L’arrêt consacre une obligation d’information rigoureuse à la charge des établissements bancaires. La Cour écarte d’abord la qualification de mandat de gestion. Elle rappelle que les conventions signées ne sauraient s’analyser en un tel mandat malgré les pouvoirs étendus de la banque. Le cœur du raisonnement réside dans l’appréciation de la qualité des clients. Pour le premier client, la Cour relève son jeune âge et sa situation d’étudiant. Elle estime qu’“il ne pouvait être considéré comme un opérateur averti, rompu aux pratiques boursières”. Concernant le second client, elle note qu’il avait donné procuration à son frère pour toutes les opérations boursières. Elle en déduit qu’il n’est pas démontré qu’il ait eu “une connaissance personnelle et précise du fonctionnement des opérations sur le marché à terme”. La Cour pose ensuite un principe fort : “la banque, quelles que soient ses relations avec son client, avait le devoir de l’informer des risques encourus dans les opérations spéculatives sur le marché à terme”. Elle précise que cette obligation ne saurait résulter de la seule signature de la convention. En l’espèce, la banque ne démontre par aucun élément avoir rempli cette obligation. Ce manquement constitue une faute contractuelle au sens de l’article 1147 du Code civil. La solution affirme ainsi une obligation de moyens renforcée, incompressible par clause, lorsque le client est non averti. Elle protège le consentement éclairé de l’investisseur face à la complexité des produits financiers.

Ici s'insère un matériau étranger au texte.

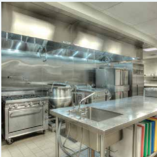
The Kitchen. We frequently receive donations of food and other goods. Nothing is wasted. Anything beyond our need is shared with other area providers.

La portée de l’arrêt est significative quant à la sanction du manquement et à la définition du préjudice réparable. La Cour écarte une indemnisation intégrale du préjudice financier subi. Elle retient une réparation fondée sur la perte de chance. Elle estime que le défaut d’information “a fait perdre à [chaque client] la chance, en étant informé des caractéristiques exactes des placements litigieux et de leurs risques, de procéder à des investissements moins risqués”. Cette qualification a une double conséquence. D’une part, elle évite à la banque de garantir le résultat des opérations. La Cour ne sanctionne pas la perte en capital mais le défaut d’opportunité. D’autre part, elle impose une appréciation souveraine des juges du fond pour évaluer le préjudice. La Cour confirme ici les évaluations du premier juge, soit 5 000 et 50 000 euros. Cette solution est conforme à la jurisprudence antérieure de la Cour de cassation en matière de responsabilité professionnelle. Elle marque une forme de modération dans la réparation, évitant de transformer l’obligation d’information en une obligation de résultat sur la performance des placements. L’arrêt rappelle ainsi que la sanction du devoir de conseil et d’information trouve sa juste mesure dans la réparation de la perte de chance d’éviter le préjudice. Il renforce la sécurité juridique des établissements financiers en limitant l’étendue de leur engagement.